> _The data_
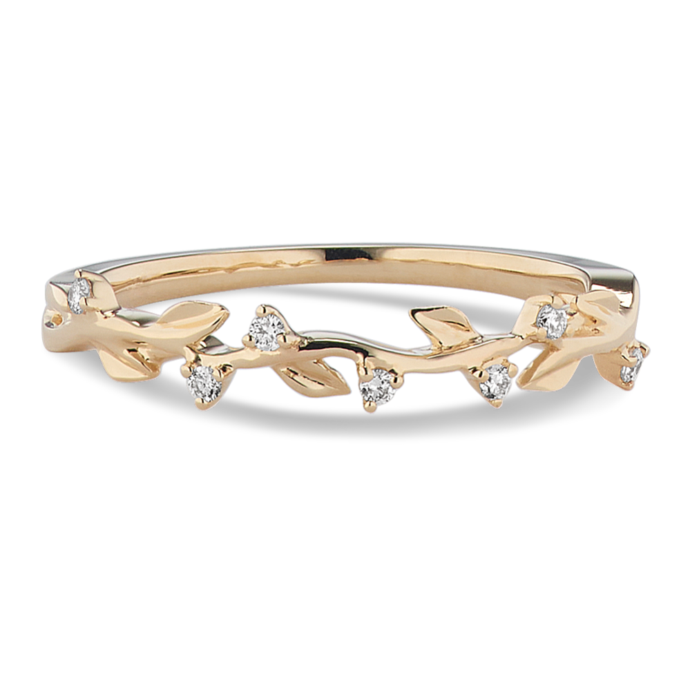 Warm 14-karat yellow gold leaves are dotted with natural diamond accents giving a dreamy, botanical feel to this wedding set. The cathedral setting of the engagement ring awaits your choice of center stone to make this set complete. For more information on selecting your center stone, live chat online, call a customer service representative at 1-866-467-4263, or visit one of our store locations.
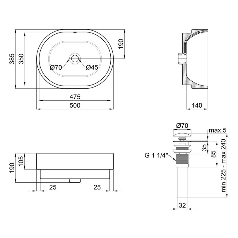 | Комплектация | Раковина, донный клапан. |
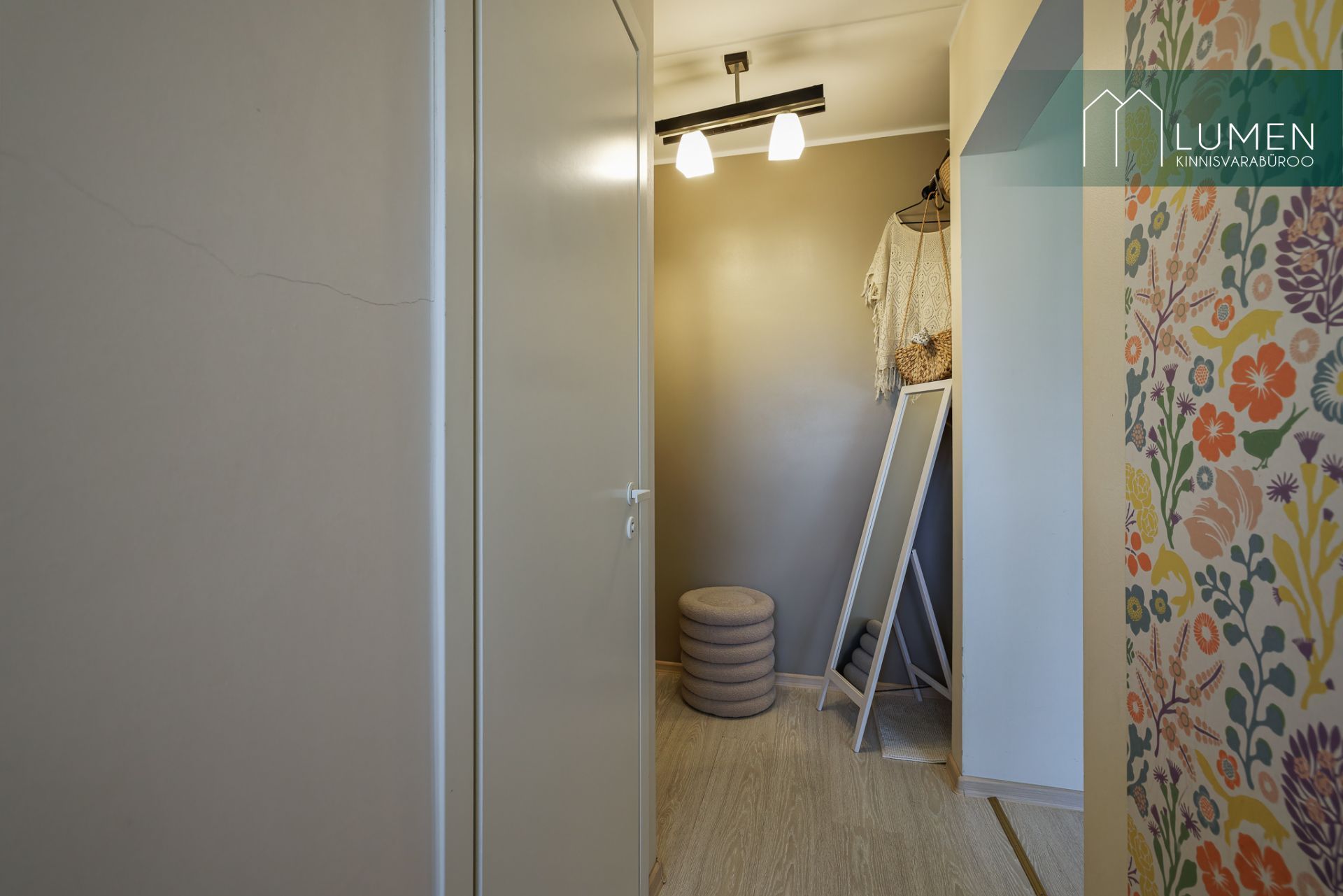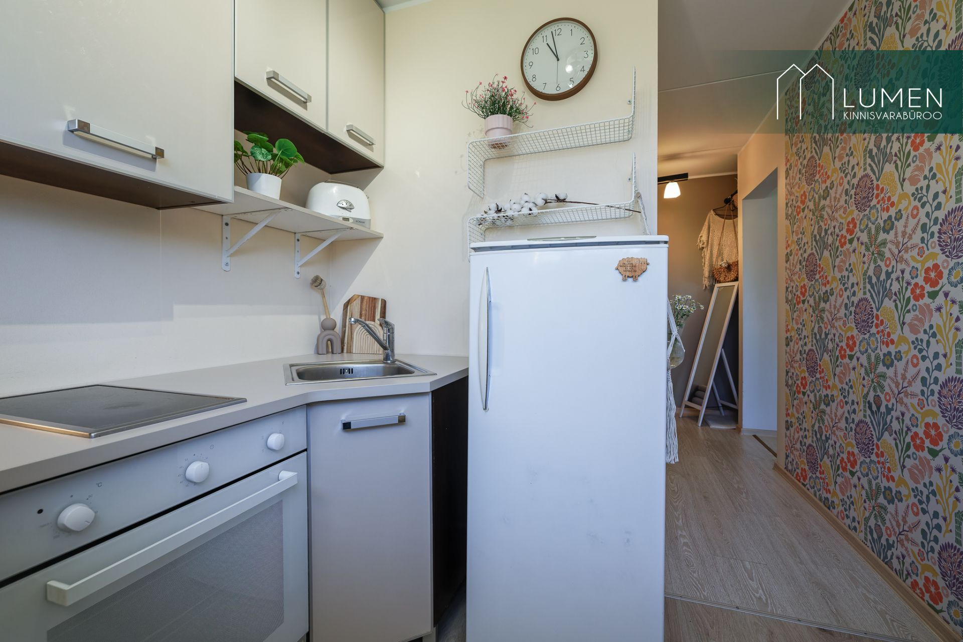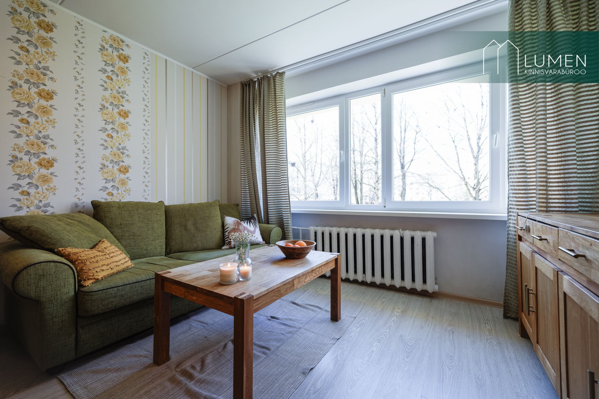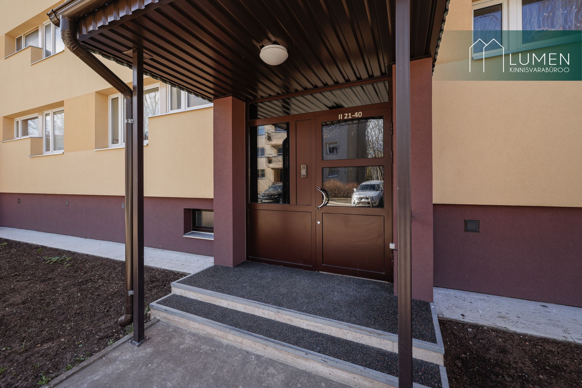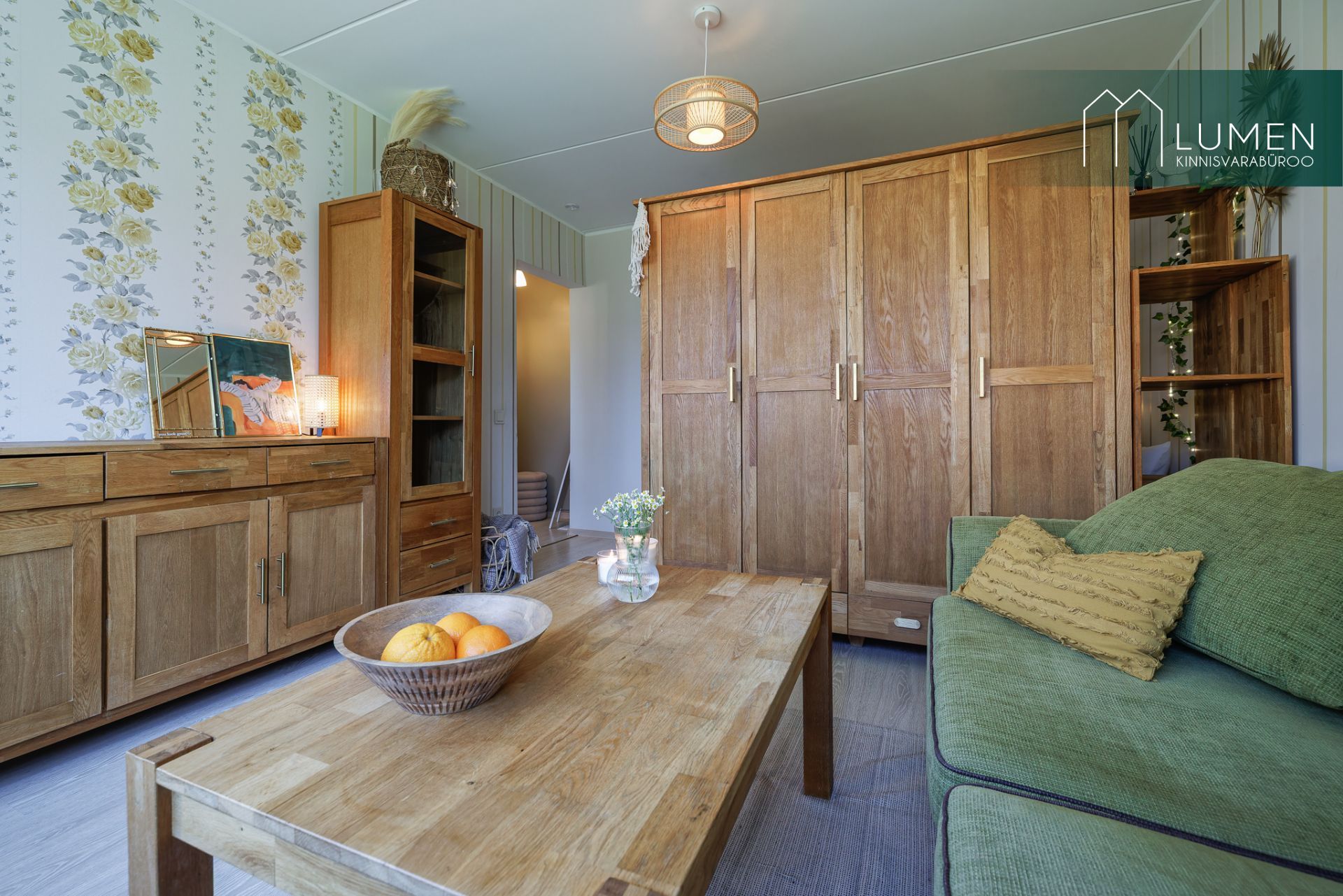 Üürile anda hubane ja valgusküllane 1-toaline korter (29,7 m²) esimesel korrusel. Korter on sisustatud heas maitses ning loob mõnusa koduse tunde: avar elutuba/magamisnurk, eraldatud köögiala ning praktilised panipaiga lahendused. Suured aknad toovad tuppa palju loomulikku valgust, avanevad maja taha ehk lääne suunal, ning heledad toonid koos puitdetailidega annavad interjöörile sooja ja rahuliku ilme. Köögis on olemas igapäevaseks toimetamiseks vajalik ning mõnus pisike sööginurk. Hoone on värskelt renoveeritud, soojustatud, ja saanud uue ilme.

> _Work instructions_
Would you transcribe all of the data exactly, apart from its pictures?

> _Task answer_
 Warm 14-karat yellow gold leaves are dotted with natural diamond accents giving a dreamy, botanical feel to this wedding set. The cathedral setting of the engagement ring awaits your choice of center stone to make this set complete. For more information on selecting your center stone, live chat online, call a customer service representative at 1-866-467-4263, or visit one of our store locations.
 | Комплектация | Раковина, донный клапан. |
 Üürile anda hubane ja valgusküllane 1-toaline korter (29,7 m²) esimesel korrusel. Korter on sisustatud heas maitses ning loob mõnusa koduse tunde: avar elutuba/magamisnurk, eraldatud köögiala ning praktilised panipaiga lahendused. Suured aknad toovad tuppa palju loomulikku valgust, avanevad maja taha ehk lääne suunal, ning heledad toonid koos puitdetailidega annavad interjöörile sooja ja rahuliku ilme. Köögis on olemas igapäevaseks toimetamiseks vajalik ning mõnus pisike sööginurk. Hoone on värskelt renoveeritud, soojustatud, ja saanud uue ilme.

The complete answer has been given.